Dino Waldren
- Born: July 11, 1991 (age 34) Crockett, California, U.S.
- Height: 6 ft 0 in (1.83 m)
- Weight: 245 lb (17 st 7 lb; 111 kg)
- School: De La Salle High School
- University: Saint Mary's College of California

Rugby union career
- Position: Prop
- Current team: NOLA Gold

Amateur team(s)
- Years: Team / Apps / (Points)
- Blackrock College RFC

Senior career
- Years: Team / Apps / (Points)
- 2017–2018: London Scottish / 15 / (25)
- 2019: San Diego Legion / 5 / (0)
- 2020–: New Orleans Gold / 5 / (10)
- Correct as of 30 December 2020

International career
- Years: Team / Apps / (Points)
- 2016–: United States / 21 / (5)
- Correct as of 10 July 2021

= Dino Waldren =

American rugby union player (born 1991)

Dino Waldren (born July 11, 1991) is an American rugby union player who plays the prop position for NOLA Gold in Major League Rugby (MLR). He also plays for the United States national rugby union team.

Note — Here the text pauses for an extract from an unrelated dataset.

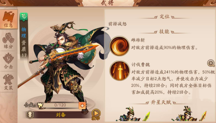 游戏中的四大阵营各具鲜明的战术风格,玩家应根据自身拥有的武将资源和偏好来选择发展路线。魏国阵容擅长控制和爆发,通常围绕曹操的减伤、郭嘉的控怒以及荀彧的增益效果来构建体系,通过打断敌方技能节奏并制造高额伤害来取得优势。蜀国阵容则侧重于高爆发与持续输出,以关羽、张飞、赵云等武将为核心,利用其强大的单体与群体伤害能力,追求在短时间内击溃对手,部分蜀国武将还具备回怒特性,能够加快技能循环。吴国阵容的核心战术是灼烧效果,依靠周瑜、陆逊等武将施加的持续群体伤害来消耗对手,配合孙坚等前排的稳定承伤和大乔的治疗,适合进行持久作战。群雄阵容多以吕布为核心,搭配貂蝉形成合击,追求极致的单体爆发能力,但往往对资源投入和武将养成度要求较高。

He previously played for the London Scottish professional team in the English second division, the RFU Championship.

==Career==
Waldren is from Crockett, California, in the San Francisco Bay Area. He attended De La Salle High School. He played college rugby with the Saint Mary's Gaels in California, and was named as an All-American in 2015 and again in 2016. During autumn 2016, Waldren played for Blackrock College in Dublin, in Division 2A of the All-Ireland League.
Waldren signed with the London Scottish in August 2017 for the 2017–18 season.

==U.S. national team==
Waldren debuted for the U.S. national team during the November 2016 tests under head coach John Mitchell, coming on as a substitute against Romania. Waldren also featured for the U.S. during 2017, playing in both the 2017 Americas Rugby Championship and the June international tests.